Struggle and Illumination in Stories

Ever since we moved into our house three years ago, Cathy has wanted landscape lights out front, but to do so would require going underneath the concrete walkway so wire would stretch out on either side. The arduous task detained us. Last week, though, we had an irrigation system installed, and that job was going to require the workers to run wire underneath said walkway. Cathy jumped on the opportunity, and—long story, short—we now have landscape lights.

But what kind of story would that be without some sort of complication. We spliced some extra wire into the existing one, ran our lights, hooked up our transformer, and. . .nothing. The transformer kept showing an error message. So Cathy redid the wire splicing, and everything seemed to be working fine. We put the first light on, and the second, and the third, and they all lit up. Then we tried the next one, and everything went dark, and we couldn’t do anything that would correct the problem, nor could the manufacturer’s help line. So the next day, we took the set back to the store and got a different kind, brought it home, hooked it up without trouble, and just like that we had illumination.

Stories exist to entertain, to dramatize, to make us feel and think, but above all they exist to illuminate something about the people we are and the worlds we occupy, to explore, as William Faulkner said, “the old verities and truths of the heart.” We cannot do that unless our characters have to struggle. Resolution without great effort is no kind of end at all. Nothing should be easy for the people who populate our stories. This isn’t to say they can’t triumph in the end. It’s only to say they should find themselves in circumstances of their own making that require their further actions and the accompanying complications.

Sometimes we’re loath to let our characters get themselves into trouble because we like them and want them to do well. We can’t like our characters so much that we keep them out of troublesome situations. We have to have faith in what the test of fire can bring them and us. We have to trust in the illumination that trouble makes possible.

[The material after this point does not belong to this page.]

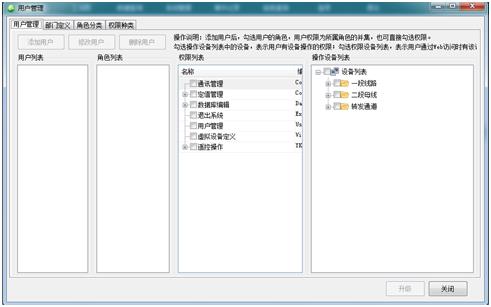 在二級菜單上點擊【用戶管理】按鈕,彈出用戶管理界面。可編輯部門、角色、用戶、角色權限和用戶權限。
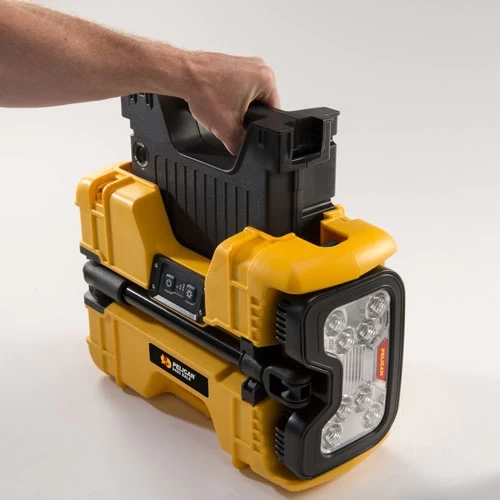 What’s included: Pelican 9480, Power Pack rechargeable battery, AC charge cord, 1 foot power output cord with cigarette lighter plug, shoulder strap

In my book, Telling Stories: The Craft of Narrative and the Writing Life, I list four ways trouble can arrive in a story:

 

  1. Sometimes trouble pays a visit and requires a character’s action.

 

  1. Sometimes we instigate our own trouble by what we decide to do.

 

  1. Sometimes we make our trouble by letting people believe something is true when it isn’t.

 

  1. Sometimes we make our trouble by trying to run away from what we’ve done or by being afraid of what we might do.

 

The key is to let trouble put pressure on your main characters in a sequence of events, the climax of which reveals something about the mysteries of being human—some additional layer of truth—that would otherwise remain suppressed. Trouble is the transformer. At a determined time, it surges, and when it does, it shines a light.